> [What is expected]:
Would you retype exactly the lines below, starting with the one that has "Душевая система 35к" and going on through the one that has "Hier is alweer", with no pictures and nothing else?

> [Data listing]:
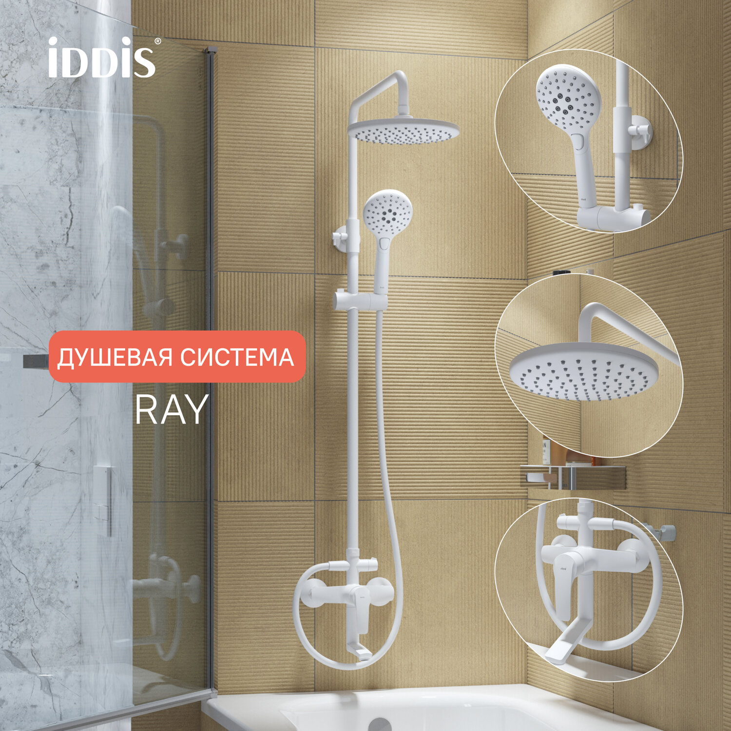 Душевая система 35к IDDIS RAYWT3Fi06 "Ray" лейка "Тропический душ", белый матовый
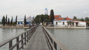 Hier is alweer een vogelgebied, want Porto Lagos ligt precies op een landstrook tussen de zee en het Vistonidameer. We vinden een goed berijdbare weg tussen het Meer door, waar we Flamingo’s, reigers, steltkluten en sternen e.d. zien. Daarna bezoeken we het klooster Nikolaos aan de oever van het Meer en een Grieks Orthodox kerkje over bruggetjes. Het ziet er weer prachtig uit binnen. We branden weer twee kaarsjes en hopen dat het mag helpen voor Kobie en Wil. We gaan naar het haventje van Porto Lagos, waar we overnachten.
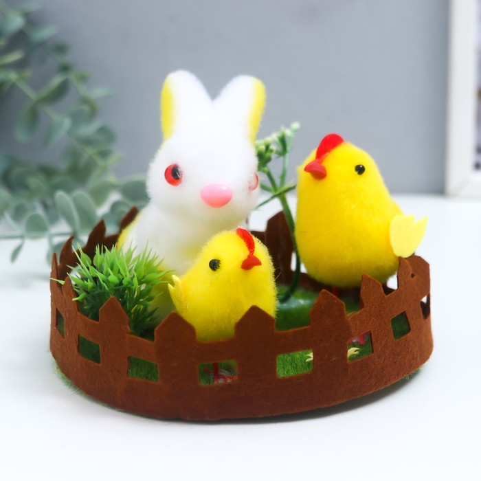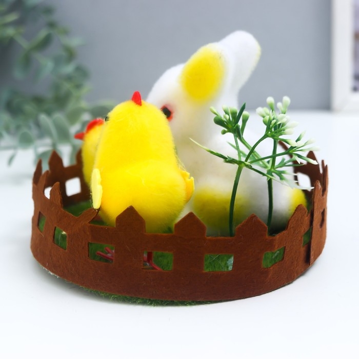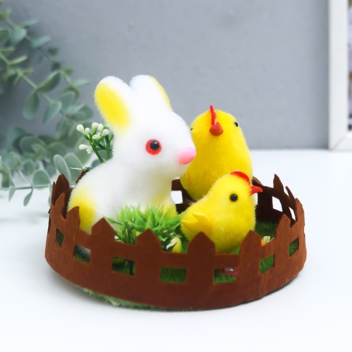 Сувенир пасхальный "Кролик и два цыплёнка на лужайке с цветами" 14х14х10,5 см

==

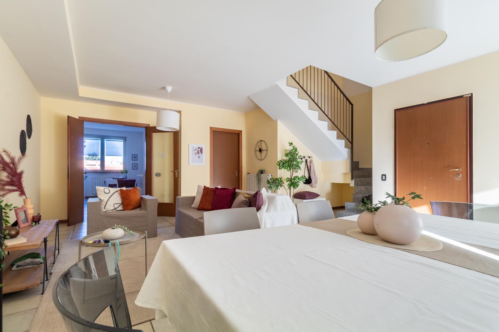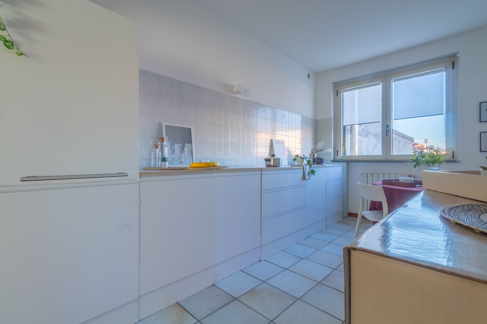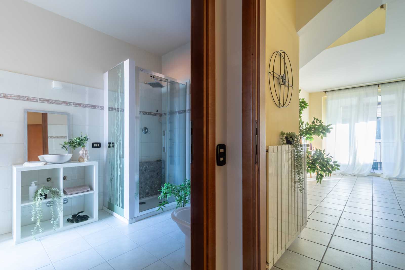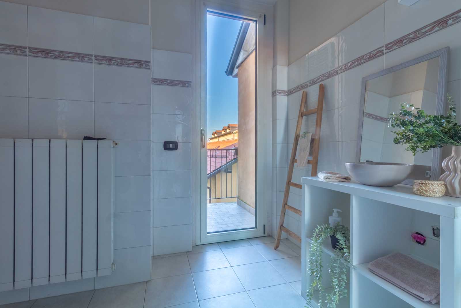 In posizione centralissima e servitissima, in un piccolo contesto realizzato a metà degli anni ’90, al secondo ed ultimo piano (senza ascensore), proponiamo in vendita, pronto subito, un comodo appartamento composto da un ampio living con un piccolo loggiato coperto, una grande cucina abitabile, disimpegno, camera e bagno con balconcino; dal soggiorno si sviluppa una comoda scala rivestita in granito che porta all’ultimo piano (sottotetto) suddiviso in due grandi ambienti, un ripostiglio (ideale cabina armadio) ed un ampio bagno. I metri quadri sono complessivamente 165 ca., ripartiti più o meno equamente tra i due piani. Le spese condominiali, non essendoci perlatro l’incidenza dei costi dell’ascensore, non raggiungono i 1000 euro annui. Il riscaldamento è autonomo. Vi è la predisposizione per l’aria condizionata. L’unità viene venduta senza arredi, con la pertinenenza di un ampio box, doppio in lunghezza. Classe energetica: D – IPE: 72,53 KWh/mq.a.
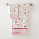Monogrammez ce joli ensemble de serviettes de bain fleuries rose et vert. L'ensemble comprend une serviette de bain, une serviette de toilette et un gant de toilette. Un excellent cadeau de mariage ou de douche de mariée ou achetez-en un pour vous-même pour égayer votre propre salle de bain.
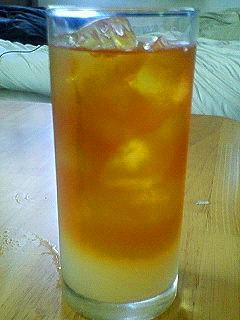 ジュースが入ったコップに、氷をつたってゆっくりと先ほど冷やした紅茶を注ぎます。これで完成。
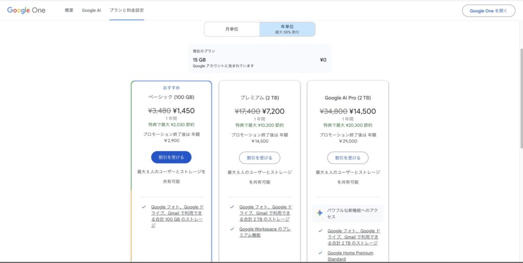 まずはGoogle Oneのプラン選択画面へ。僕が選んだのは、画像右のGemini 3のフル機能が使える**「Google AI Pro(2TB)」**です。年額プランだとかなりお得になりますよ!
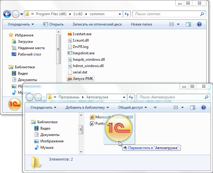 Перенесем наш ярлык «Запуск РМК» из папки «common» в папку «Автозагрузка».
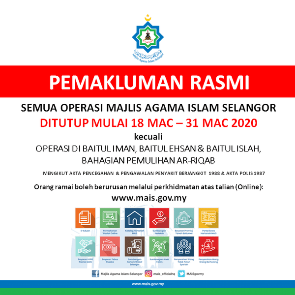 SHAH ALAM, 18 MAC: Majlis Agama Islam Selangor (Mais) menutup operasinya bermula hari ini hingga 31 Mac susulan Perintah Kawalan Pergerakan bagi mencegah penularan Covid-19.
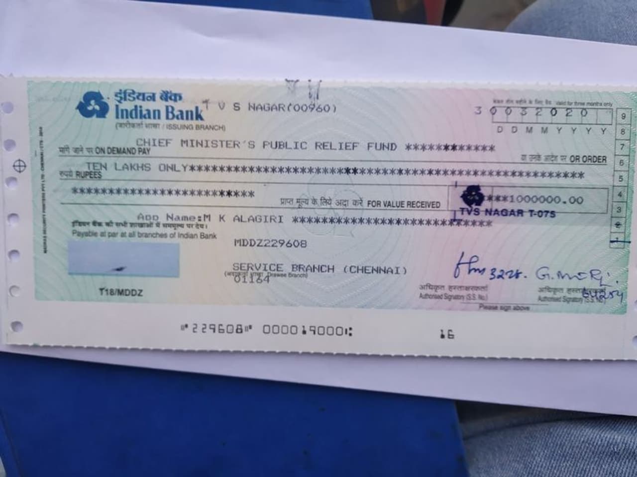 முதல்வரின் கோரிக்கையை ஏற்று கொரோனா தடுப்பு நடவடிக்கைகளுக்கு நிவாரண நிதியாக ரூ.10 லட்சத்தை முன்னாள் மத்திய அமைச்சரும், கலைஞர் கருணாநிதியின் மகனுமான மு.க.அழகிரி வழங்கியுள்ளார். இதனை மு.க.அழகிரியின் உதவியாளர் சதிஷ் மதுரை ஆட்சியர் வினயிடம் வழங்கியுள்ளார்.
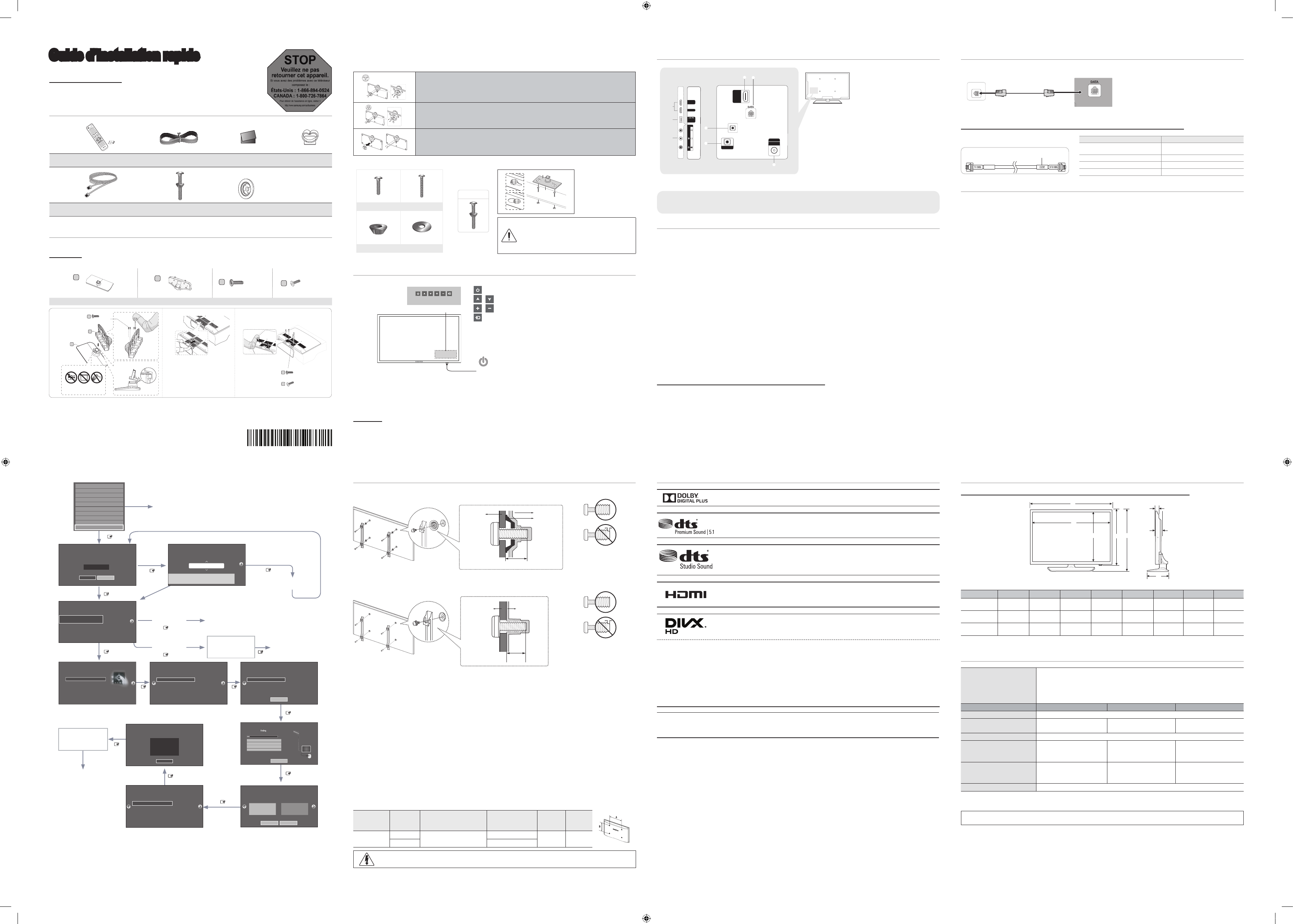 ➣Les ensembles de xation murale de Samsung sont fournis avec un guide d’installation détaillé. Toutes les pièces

> [Task answer]:
 Душевая система 35к IDDIS RAYWT3Fi06 "Ray" лейка "Тропический душ", белый матовый
 Hier is alweer een vogelgebied, want Porto Lagos ligt precies op een landstrook tussen de zee en het Vistonidameer. We vinden een goed berijdbare weg tussen het Meer door, waar we Flamingo’s, reigers, steltkluten en sternen e.d. zien. Daarna bezoeken we het klooster Nikolaos aan de oever van het Meer en een Grieks Orthodox kerkje over bruggetjes. Het ziet er weer prachtig uit binnen. We branden weer twee kaarsjes en hopen dat het mag helpen voor Kobie en Wil. We gaan naar het haventje van Porto Lagos, waar we overnachten.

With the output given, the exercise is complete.